Experimental and Numerical Investigation of Macroencapsulated Phase Change Materials for Thermal Energy Storage

Abstract

Among the different types of phase change materials, paraffin is known to be the most widely used type due to its advantages. However, paraffin's low thermal conductivity, its limited operating temperature range, and leakage and stabilization problems are the main barriers to its use in applications. In this research, a thermal energy storage unit (TESU) was designed using a cylindrical macroencapsulation technique to minimize these problems. Experimental and numerical analyses of the storage unit using a tubular heat exchanger were carried out. The Ansys 18.2-Fluent software was used for the numerical analysis.

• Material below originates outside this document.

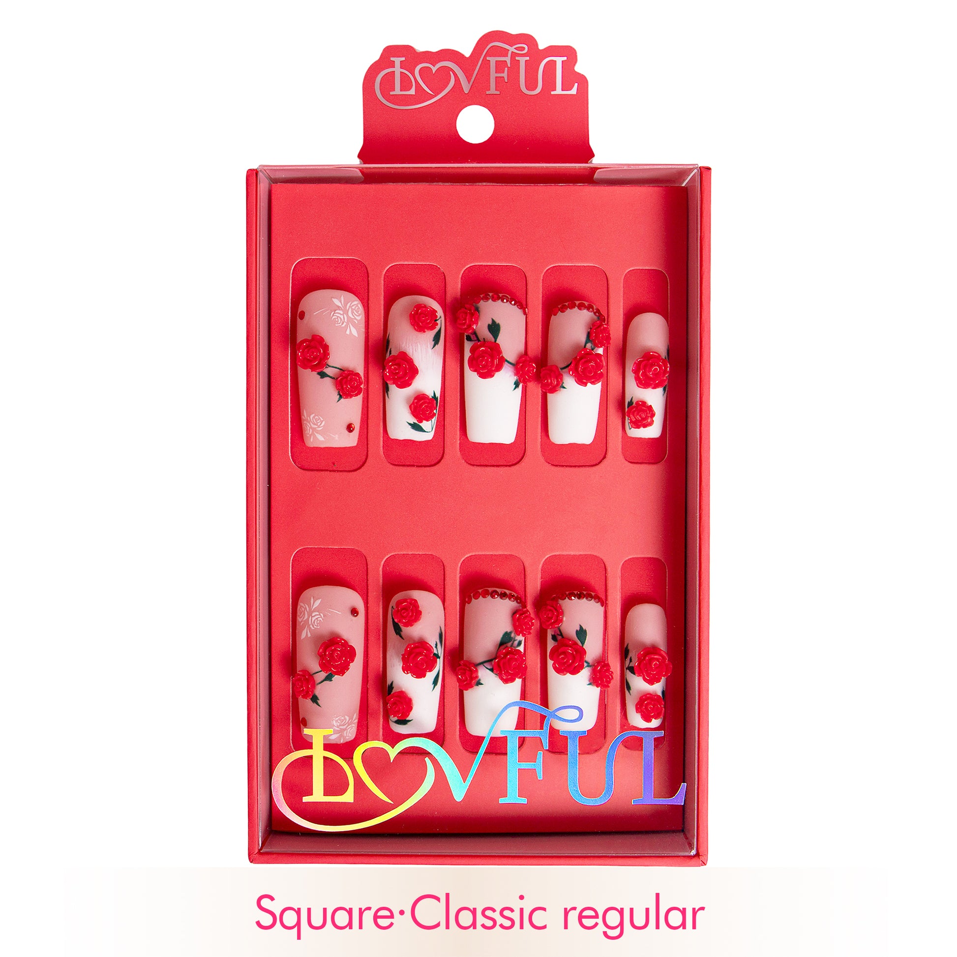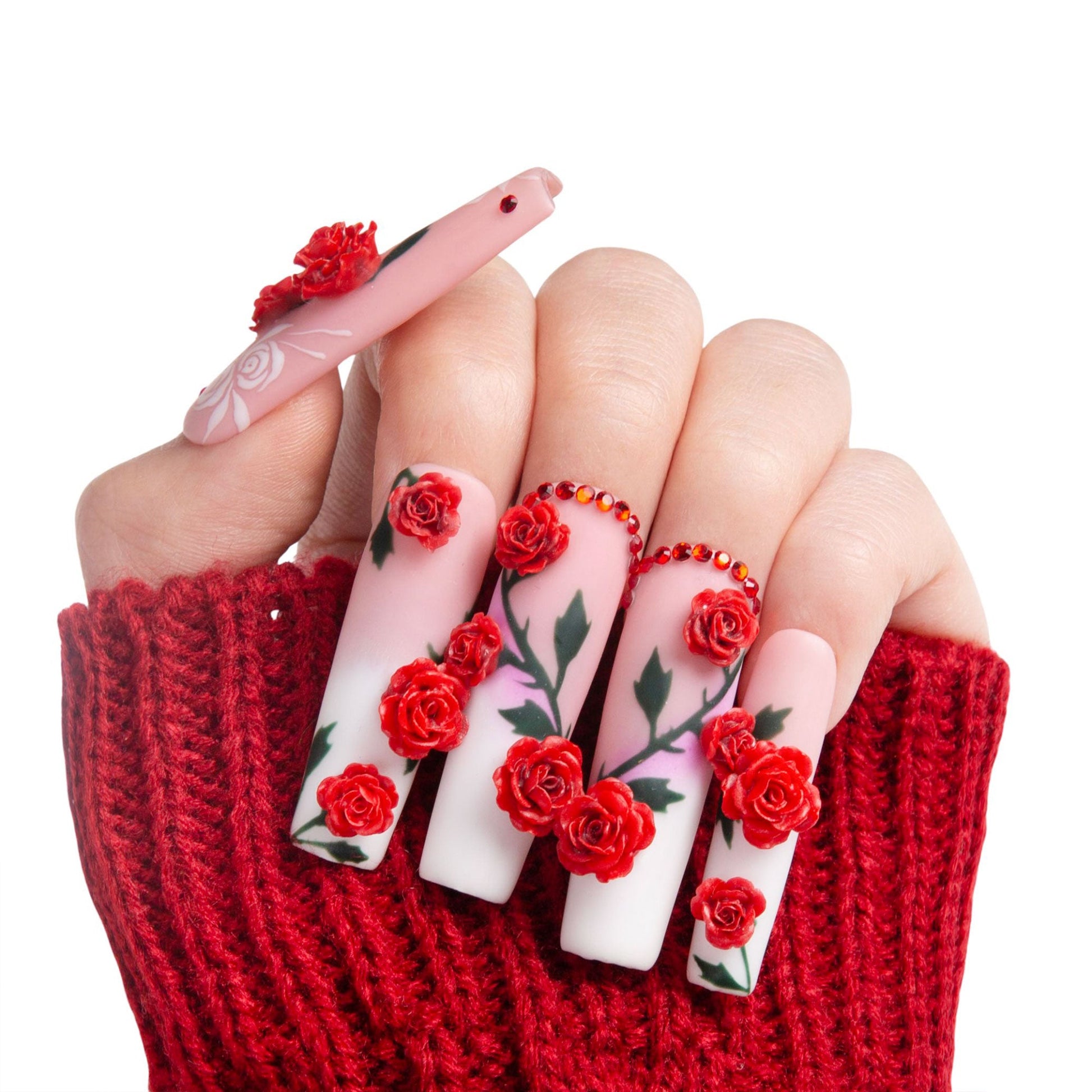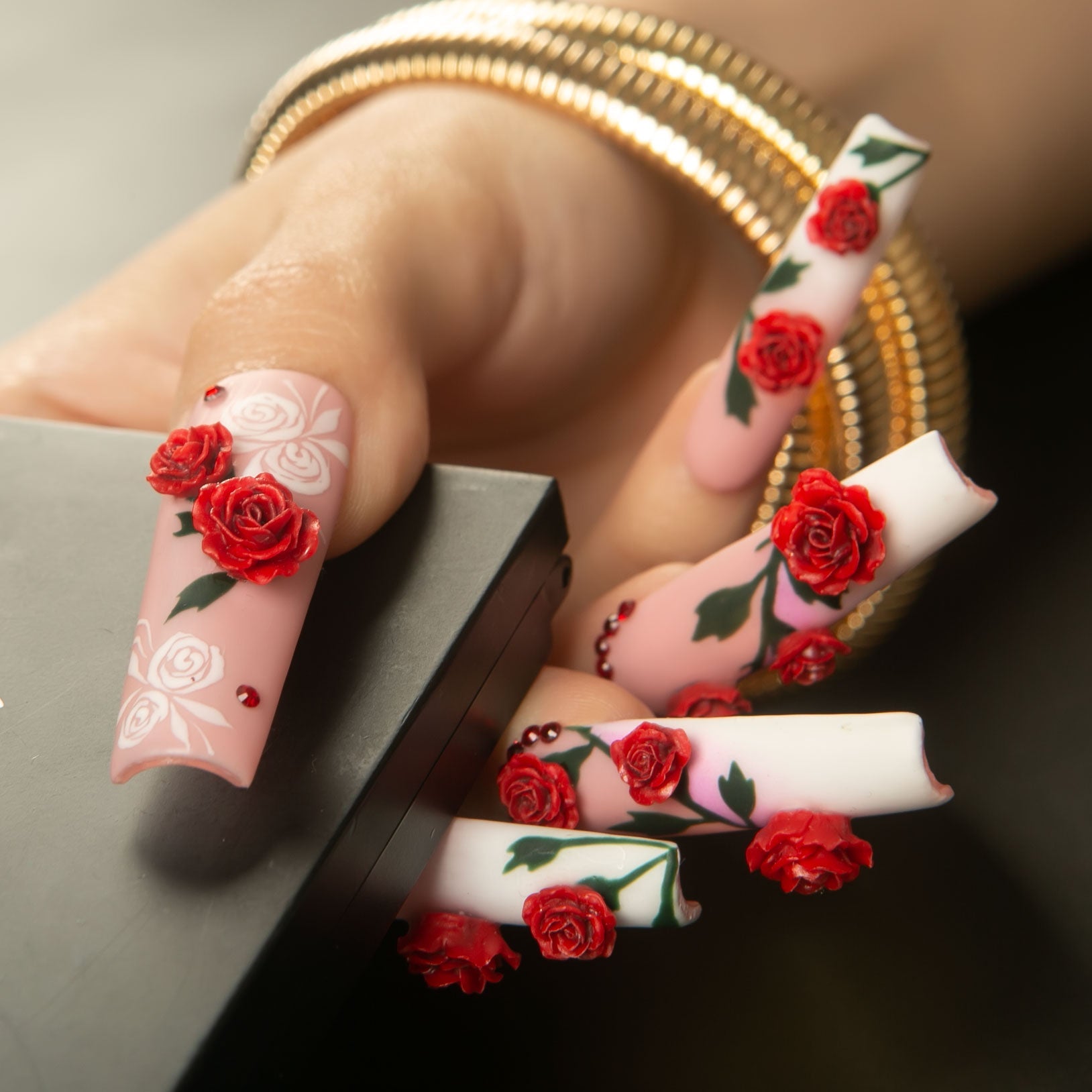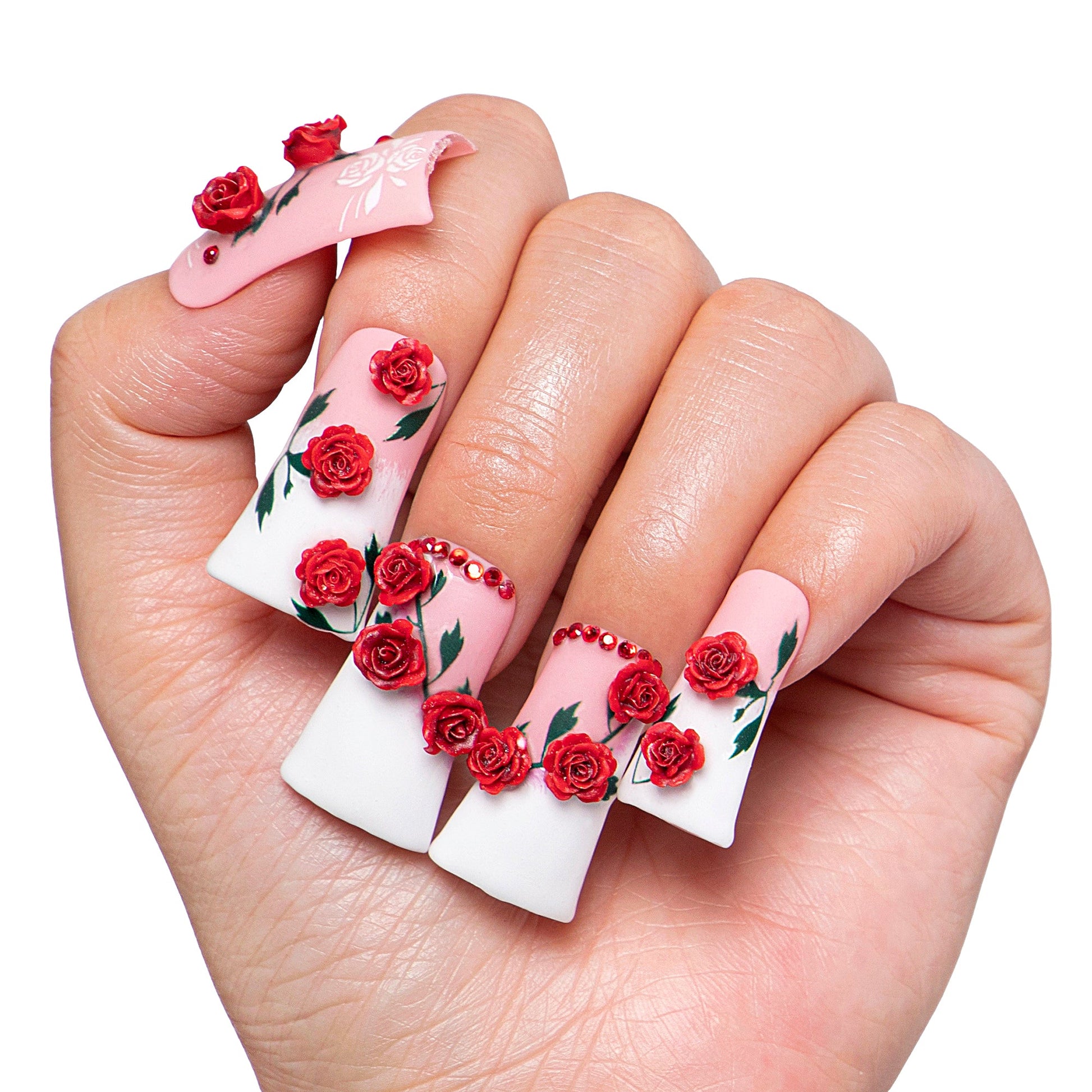 A bold yet elegant take on floral nails, this design features a dramatic black-to-nude ombr¨¦ base, adorned with vibrant red 3D roses. Delicate silver leaf accents and small red gem embellishments add just the right amount of detail, making this set both striking and sophisticated. A perfect choice for those who love a little edge while keeping it Vintage-Chic.

Two types of paraffins with different thermophysical properties were used in the TESU, including both encapsulated and non-encapsulated forms, and their thermal energy storage performances were compared. The influence of the heat transfer fluid (HTF) inlet conditions on the charging performance (melting) was investigated. The findings demonstrated that the heat transfer rate is highly influenced by the HTF intake temperature. When the effect of paraffin encapsulation on heat transfer was examined, a significant decrease in the total melting time was observed as the heat transfer surface and thermal conductivity increased. Therefore, the energy stored simultaneously increased by 60.5% with the encapsulation of paraffin-1 (melting temperature range of 52.9-60.4 degrees C) and by 50.7% with the encapsulation of paraffin-2 (melting temperature range of 32.2-46.1 degrees C), thus increasing the charging rate.